Using the material below, return exactly the lines between the one holding "Die Verglasung deines" and the one holding "Рукоятки крестообразные DIN", inclusive, and no others.

## Task material
━━━
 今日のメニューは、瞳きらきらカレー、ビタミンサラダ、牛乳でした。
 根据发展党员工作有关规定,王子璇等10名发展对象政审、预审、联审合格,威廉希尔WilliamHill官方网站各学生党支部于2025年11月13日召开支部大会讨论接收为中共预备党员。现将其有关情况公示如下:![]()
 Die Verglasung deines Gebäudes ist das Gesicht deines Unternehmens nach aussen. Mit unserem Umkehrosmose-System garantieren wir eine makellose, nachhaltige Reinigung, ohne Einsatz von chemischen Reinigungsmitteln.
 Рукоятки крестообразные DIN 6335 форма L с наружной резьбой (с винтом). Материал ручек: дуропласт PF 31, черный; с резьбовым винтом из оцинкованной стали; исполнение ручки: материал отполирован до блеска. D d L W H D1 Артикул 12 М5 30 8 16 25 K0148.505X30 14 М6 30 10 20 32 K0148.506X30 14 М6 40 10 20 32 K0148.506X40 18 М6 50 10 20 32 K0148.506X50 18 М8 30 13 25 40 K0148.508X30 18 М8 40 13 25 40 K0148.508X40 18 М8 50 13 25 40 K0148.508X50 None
━━━
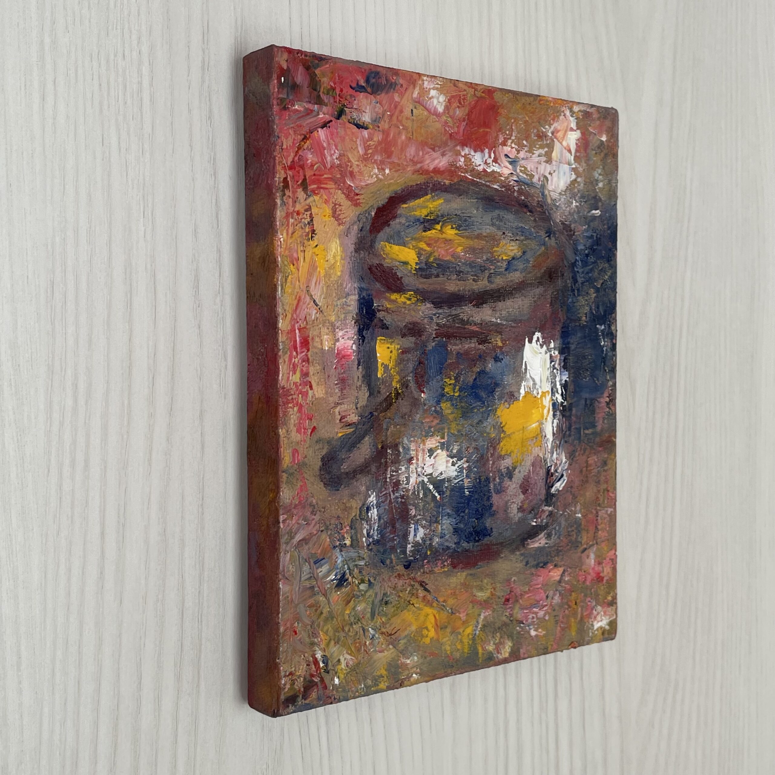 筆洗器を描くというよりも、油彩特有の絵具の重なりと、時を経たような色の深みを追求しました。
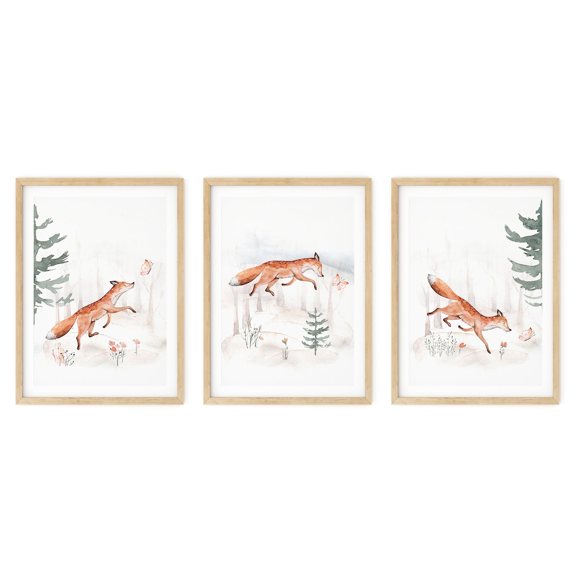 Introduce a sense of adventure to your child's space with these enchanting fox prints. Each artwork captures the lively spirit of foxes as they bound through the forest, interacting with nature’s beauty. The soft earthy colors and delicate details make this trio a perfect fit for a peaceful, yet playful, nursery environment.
━━━
## Solution
 Die Verglasung deines Gebäudes ist das Gesicht deines Unternehmens nach aussen. Mit unserem Umkehrosmose-System garantieren wir eine makellose, nachhaltige Reinigung, ohne Einsatz von chemischen Reinigungsmitteln.
 Рукоятки крестообразные DIN 6335 форма L с наружной резьбой (с винтом). Материал ручек: дуропласт PF 31, черный; с резьбовым винтом из оцинкованной стали; исполнение ручки: материал отполирован до блеска. D d L W H D1 Артикул 12 М5 30 8 16 25 K0148.505X30 14 М6 30 10 20 32 K0148.506X30 14 М6 40 10 20 32 K0148.506X40 18 М6 50 10 20 32 K0148.506X50 18 М8 30 13 25 40 K0148.508X30 18 М8 40 13 25 40 K0148.508X40 18 М8 50 13 25 40 K0148.508X50 None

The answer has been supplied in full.